Under the terms of the agreement, Amryt will receive an exclusive license to promote and distribute Lojuxta in the European Economic Area, Switzerland, Turkey, and certain Middle Eastern and North African countries, including Israel. Amryt will pay Aegerion sales-related milestone payments and royalties on product sales in the licensed territories. Amryt will also be responsible for ongoing regulatory and post-marketing obligations and commitments in support of the brand.
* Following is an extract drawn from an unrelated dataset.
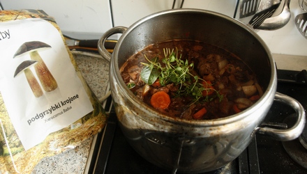 Dolać wino i bulion, wrzucić bouquet garni. Na najmniejszym płomieniu dusić, aż mięso zmięknie. Gdy to się stanie, dorzucić grzyby. Wymieszać, jeżeli trzeba, dodać bulion. Sos ma być jednak zawiesisty, nie za rzadki. Sprawdzić smak, w miarę potrzeby dosolić lub dopieprzyć. Przed podaniem wyjąć bouquet garni, danie posypać świeżymi listkami tymianku i natki.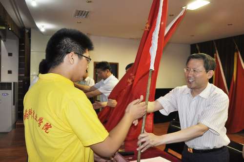 出征仪式上,领队指导教师和实践队员举行了庄严的集体宣誓;与会领导为各社会实践团授旗;领队老师和社会实践队员代表分别发言。

"We are very pleased that Aegerion has entered into this agreement with Amryt, which will enable adult HoFH patients in these markets to remain on treatment and continue benefiting from this important therapy," said Mary Szela, chief executive officer of Novelion. "Our objective as a company is to always put patients at the center of our decisions, and we believe with this outcome we have achieved that goal. In addition to the critical benefit for patients, we believe this is the right decision for our business. Our ability to reduce both corporate expenses and post-approval commitments allows us to reprioritize resources. Additionally, our stakeholders will now benefit from a royalty and potential milestone stream to Aegerion derived from Amryt's sales of Lojuxta. Amryt's unique combination of orphan drug experience, commitment to developing and commercializing transformative rare disease therapies, and management's familiarity with Lojuxta, give us confidence in their ability to serve current and future adult HoFH patients. We are pleased to have them as a partner."
"We believe that Lojuxta, which was approved in the EU in mid-2013, is an important and needed therapy," said Joe Wiley, chief executive officer of Amryt. "We believe there are a meaningful number of adult HoFH patients for whom Lojuxta is a vital therapeutic option, and given our management team's in-depth knowledge of the drug, we look forward to contributing to their care. This agreement is tremendously exciting and underlines our focus on building our portfolio of medicines to treat rare and orphan diseases where there is large unmet medical need."
Lomitapide was approved in July 2013 by the European Commission and, until assumed by Amryt under the announced transaction, was marketed by Aegerion Pharmaceuticals under the brand name Lojuxta. Aegerion is commercializing lomitapide under the brand name Juxtapid in the US, Canada, and certain countries in Latin America, and expects to launch in Japan next month. Juxtapid is a prescription medicine used along with diet and other lipid-lowering treatments, including low-density lipoprotein (LDL) apheresis where available, in adults with homozygous familial hypercholesterolemia (HoFH) to reduce LDL ("bad") cholesterol, total cholesterol, a protein that carries bad cholesterol in the blood (apolipoprotein B), and non-high-density lipoprotein cholesterol (non-HDL-C).
Studies have not been conducted to tell us whether Juxtapid can help prevent problems from high cholesterol, such as heart attack, stroke, death, or other health problems. Studies have also not been conducted to tell us whether Juxtapid is safe for use in people with high cholesterol who do not have HoFH, including those with heterozygous familial hypercholesterolemia (HeFH).